Chemistry Major
Research Fellow in Cambridge, Mass. Recipient of the Hendrix Odyssey Medal for Research, 2013-14.
Current projects
I am a member of the Exploratory Biochemistry group, which is a team of experienced scientists trying to work on difficult and even so-called "undruggable" research targets. We're using whatever existing and new technologies we can come up with to try to open up some very important areas of biology where it's been hard to find useful medicines. We're working on targets against various types of cancer, neurodegenerative diseases, viral infections and other areas.
Undergraduate Research
My first research was in Dr.
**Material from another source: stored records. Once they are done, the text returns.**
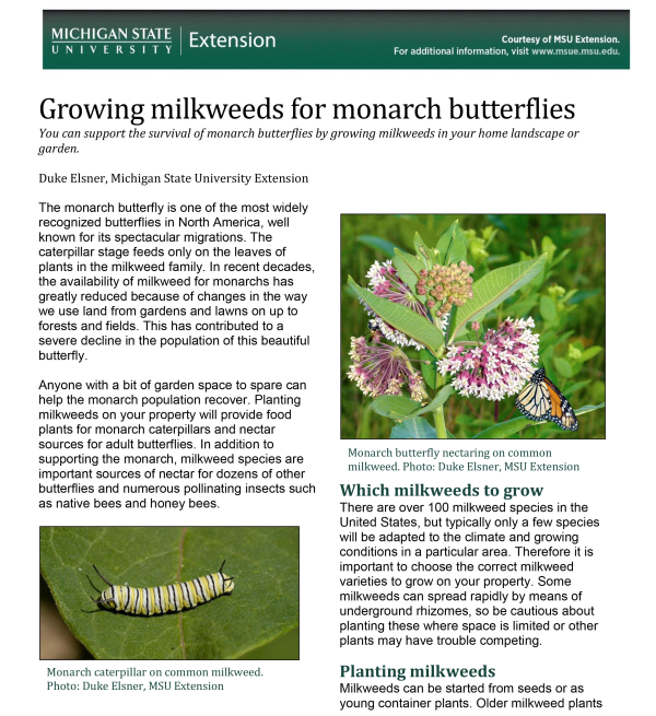Print a PDF of this article: Growing milkweeds for monarch butterflies
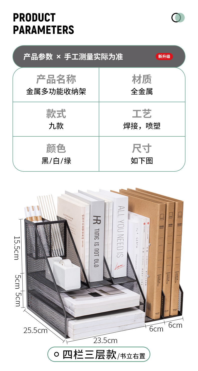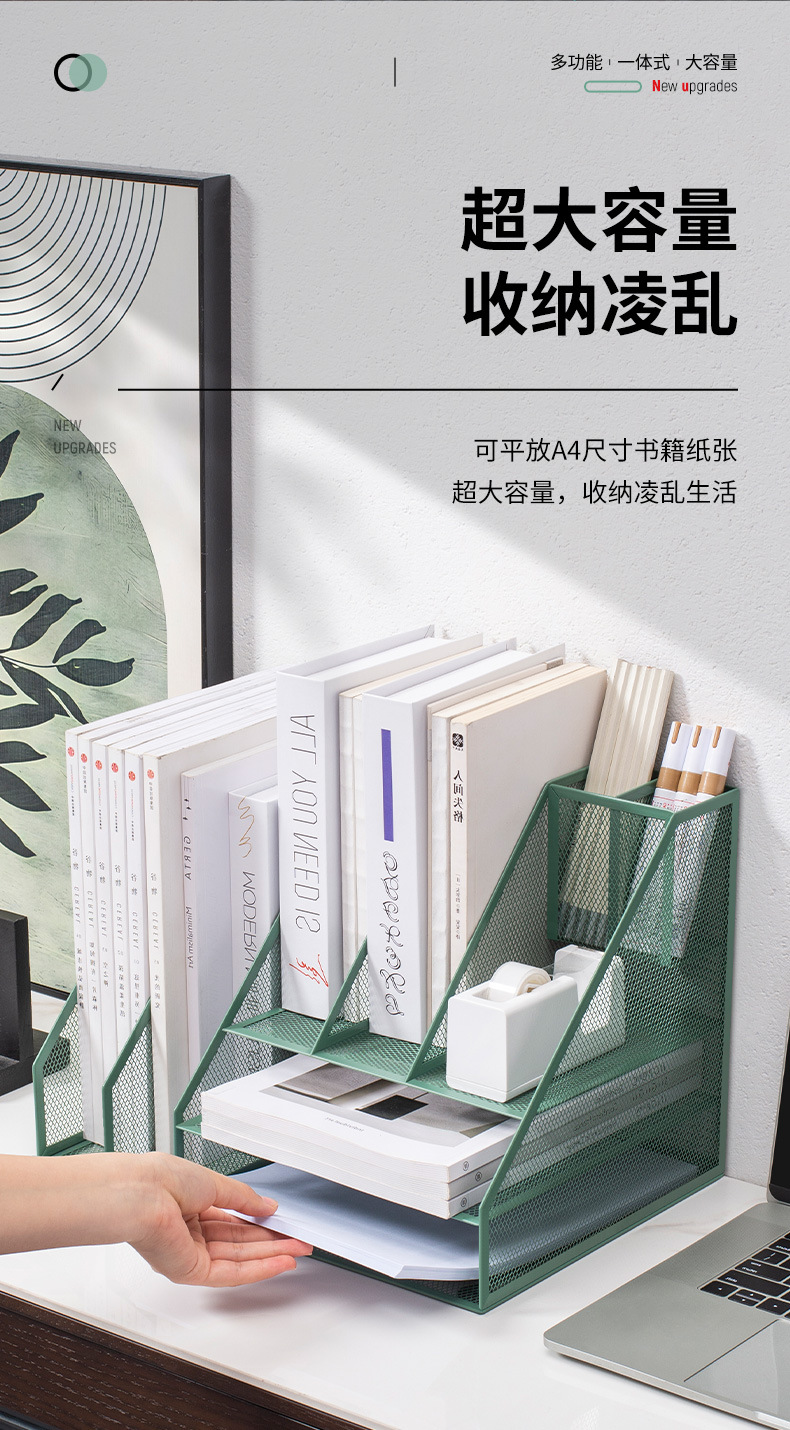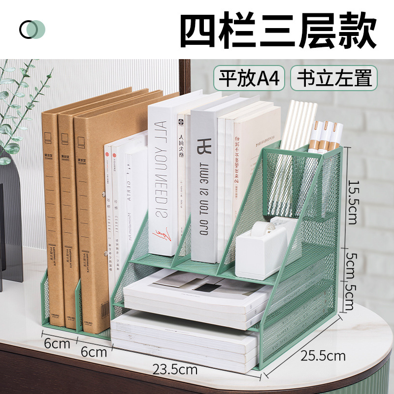 flat a4 book stand/green (three-column three-layer left pen holder)
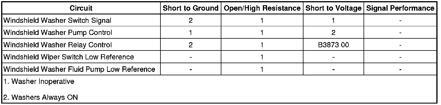 • If the washer pump does not activate, refer to Washer Pump Circuit Malfunction.
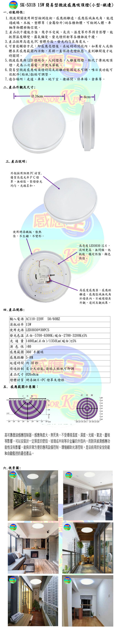 15W簡易型微波感應吸頂燈(小型-銀邊)
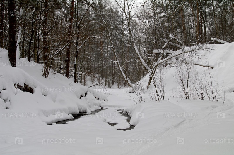 Ручей в зимнем лесу. Конец февраля. Битцевский лес, Москва. Верховья реки Чертановка

Goodwin's lab in the summer of 1981, when he was working on the total synthesis of maytansine. I still remember the first research reaction I ever ran (and once in a while I've actually made the same compound again since then!) Coming across reagents and reactions I did then is like visiting old friends.
How Hendrix prepared me for success
When I got to graduate school, I already knew my way around a research lab (the equipment and the general techniques). And that was a big help, but in the long run, the bigger effect of my undergraduate research was that I understood early on what scientific research is like. Not everything works! You have to be ready for that and know what you can do about it.
Future plans
I'm continuing to work on new ways to find drugs more quickly (and with a better success rate). The way we've been doing it is not going to keep medical research going at the rate we need, so there's a lot of room for good ideas.
My advice
If you find that you like research - not knowing what's going to happen in your work on any given day, being set problems that no one's ever solved (and that no one's even sure can be solved), and being the first to discover things that no one's ever known – then there's really no substitute. I have a hard time imagining doing anything else for a living!